Study material Block Start

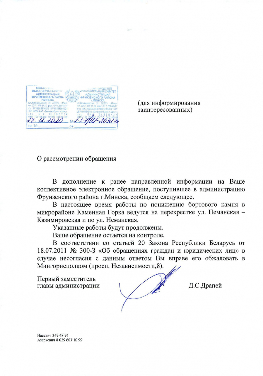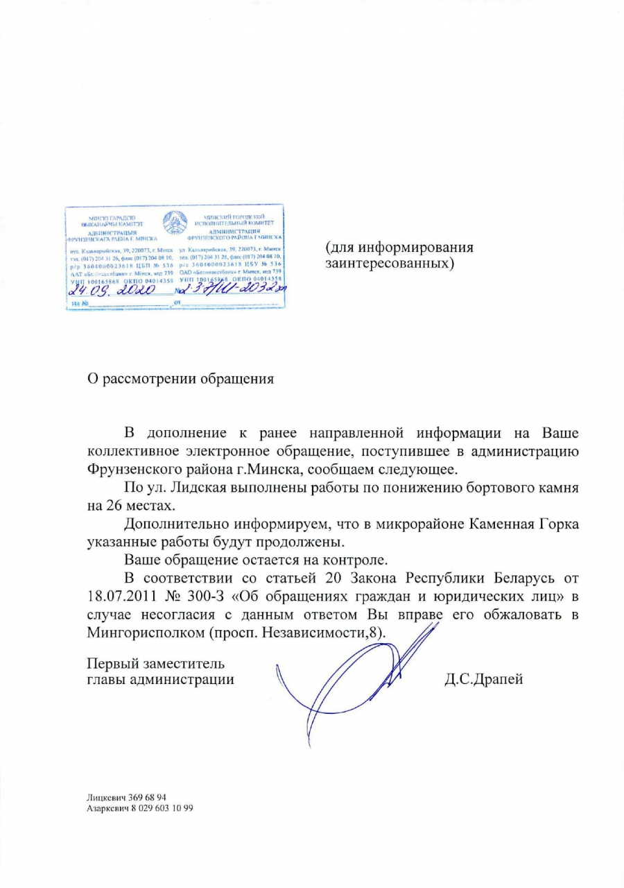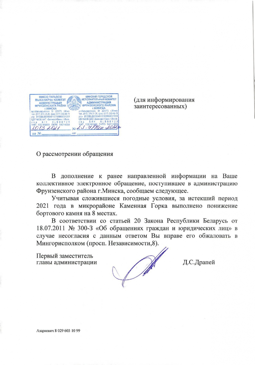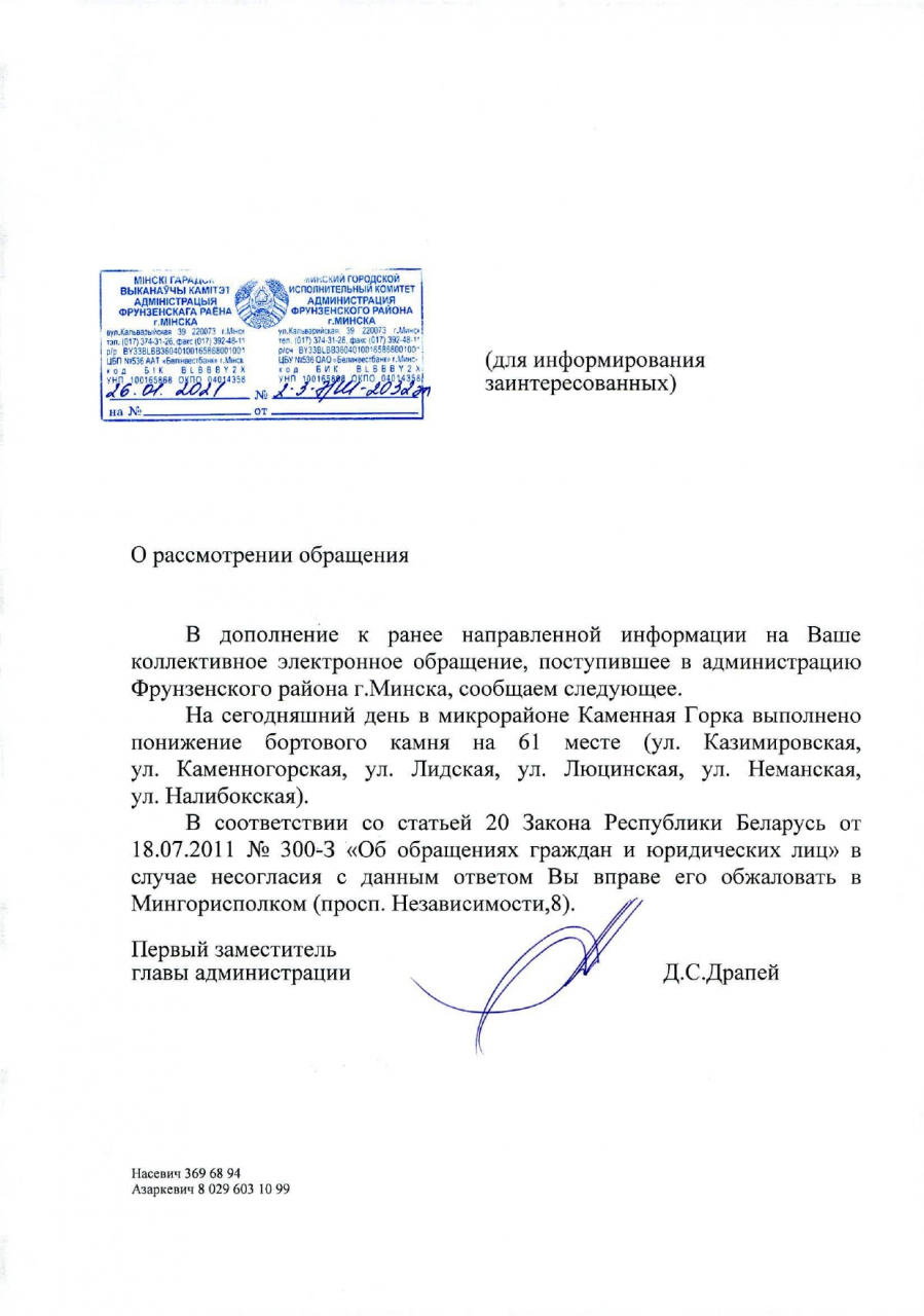 UPD 2. В микрорайоне "Каменная Горка" выполнено понижение бортового камня на 61 месте (ул.Казимировская, ул.Каменногорская, ул.Лидская, ул.Люцинская, ул.Нёманская, ул.Налибокская).
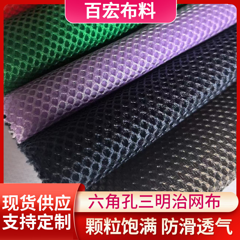 現物卸売りサンドイッチ六角穴メッシュ布バッグシート帽子生地マットレス通気経編ネット生地
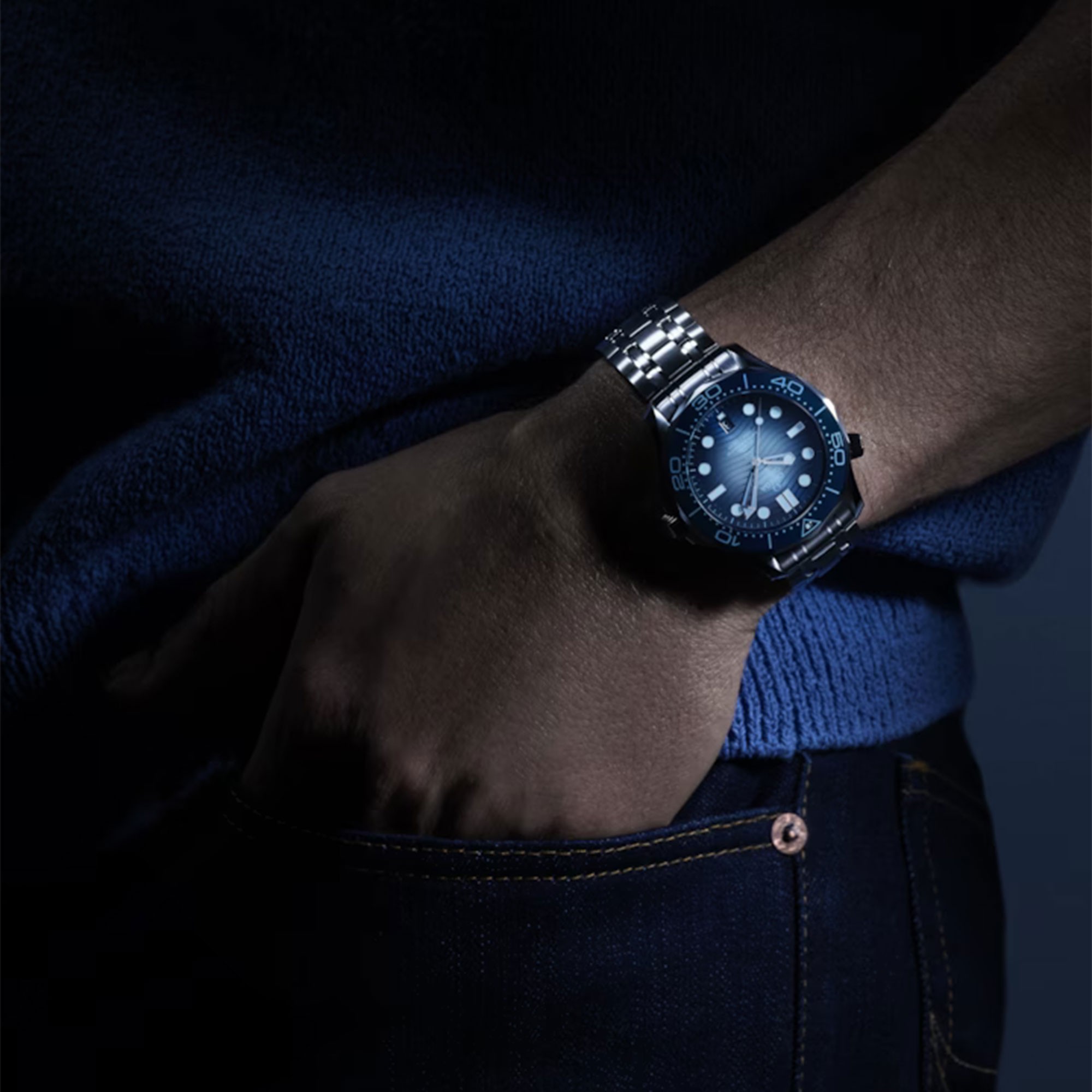 Introducing the extraordinary OMEGA Seamaster Diver 300M Oceanic Icon Co-Axial Master Chronometer 42mm Watch O21030422003003, a timepiece that combines the spirit of adventure with exceptional craftsmanship and cutting-edge technology. This remarkable watch is designed for those who seek both style and performance in their underwater explorations. The watch features a robust and stylish 42mm stainless steel case, meticulously crafted with attention to detail. Its polished and brushed finishes exude a sense of refinement, while the durable construction ensures reliability in extreme conditions. The size of the watch provides a commanding presence on the wrist, making it suitable for both professional divers and enthusiasts alike. Powering this timepiece is the OMEGA Caliber 8800, a Co-Axial Master Chronometer movement. The blue ceramic dial with a wave pattern pays homage to the ocean's depths, while the luminescent hour markers and hands ensure excellent visibility in low-light conditions or underwater. The date window at 6 o'clock adds practicality to this elegant timepiece. Shop OMEGA watches at Chisholm Hunter today.
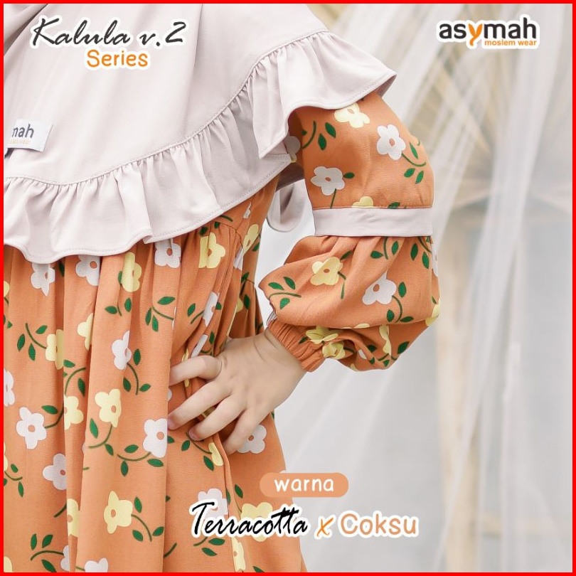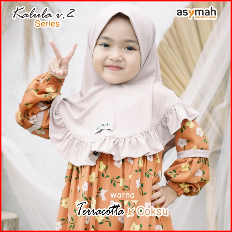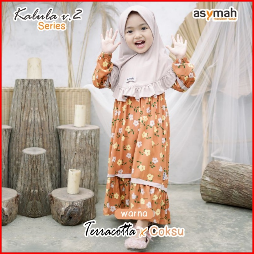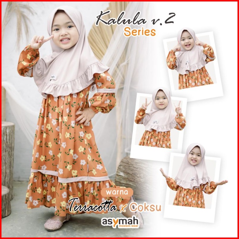 Gamis Daily Anak Perempuan Set Kerudung Bahan Rayon Lembut Dan Adem Kalula Series Warna Terracotta By Asymah
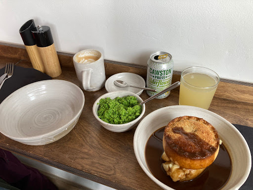 My wife and I happened upon this pie shop before a hike on a Thursday. It was a bit busy inside but the owner was very accommodating. We ordered the cheese and onion pie with mash, gravy and mushy peas to share, latte and softdrink £22. Whoever balanced these flavours is a true master of their craft. Every element complimented the other with deep richness. The peas took me by surprise. I have never encountered such a flavour profile. I had to ask for the recipe, which the owner humbly shared. My only regret is that we're only staying near Ambleside for one day. Also order a coffee he's mastered that craft...
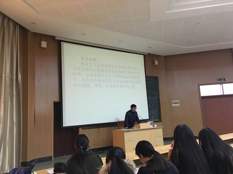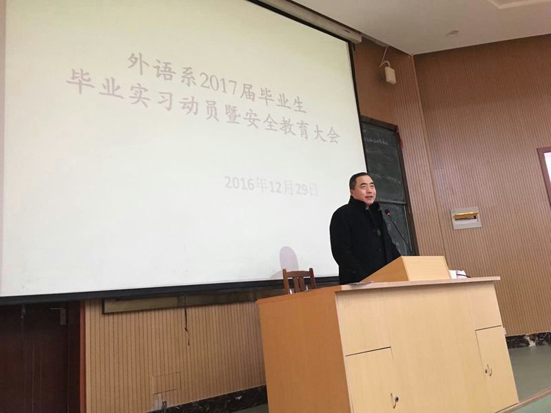12月29日中午,外语系2017届毕业生实习动员暨安全教育大会在阶梯教室二顺利召开。外语系2017届全体毕业生参加了此次会议。
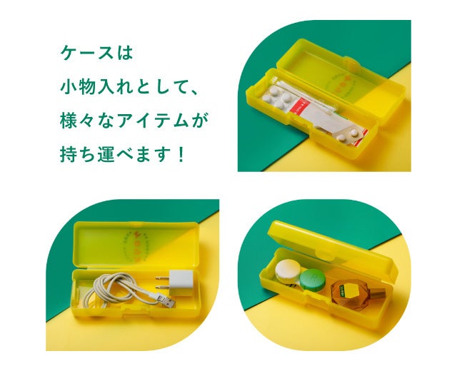 まるでケロリン桶のようなデザインの、持ち運びに便利な専用ケース付き!

Study material Block End

Activity: Please retype every record exactly, leaving the pictures out.

Answer box:
 UPD 2. В микрорайоне "Каменная Горка" выполнено понижение бортового камня на 61 месте (ул.Казимировская, ул.Каменногорская, ул.Лидская, ул.Люцинская, ул.Нёманская, ул.Налибокская).
 現物卸売りサンドイッチ六角穴メッシュ布バッグシート帽子生地マットレス通気経編ネット生地
 Introducing the extraordinary OMEGA Seamaster Diver 300M Oceanic Icon Co-Axial Master Chronometer 42mm Watch O21030422003003, a timepiece that combines the spirit of adventure with exceptional craftsmanship and cutting-edge technology. This remarkable watch is designed for those who seek both style and performance in their underwater explorations. The watch features a robust and stylish 42mm stainless steel case, meticulously crafted with attention to detail. Its polished and brushed finishes exude a sense of refinement, while the durable construction ensures reliability in extreme conditions. The size of the watch provides a commanding presence on the wrist, making it suitable for both professional divers and enthusiasts alike. Powering this timepiece is the OMEGA Caliber 8800, a Co-Axial Master Chronometer movement. The blue ceramic dial with a wave pattern pays homage to the ocean's depths, while the luminescent hour markers and hands ensure excellent visibility in low-light conditions or underwater. The date window at 6 o'clock adds practicality to this elegant timepiece. Shop OMEGA watches at Chisholm Hunter today.
 Gamis Daily Anak Perempuan Set Kerudung Bahan Rayon Lembut Dan Adem Kalula Series Warna Terracotta By Asymah
 My wife and I happened upon this pie shop before a hike on a Thursday. It was a bit busy inside but the owner was very accommodating. We ordered the cheese and onion pie with mash, gravy and mushy peas to share, latte and softdrink £22. Whoever balanced these flavours is a true master of their craft. Every element complimented the other with deep richness. The peas took me by surprise. I have never encountered such a flavour profile. I had to ask for the recipe, which the owner humbly shared. My only regret is that we're only staying near Ambleside for one day. Also order a coffee he's mastered that craft...
12月29日中午,外语系2017届毕业生实习动员暨安全教育大会在阶梯教室二顺利召开。外语系2017届全体毕业生参加了此次会议。
 まるでケロリン桶のようなデザインの、持ち運びに便利な専用ケース付き!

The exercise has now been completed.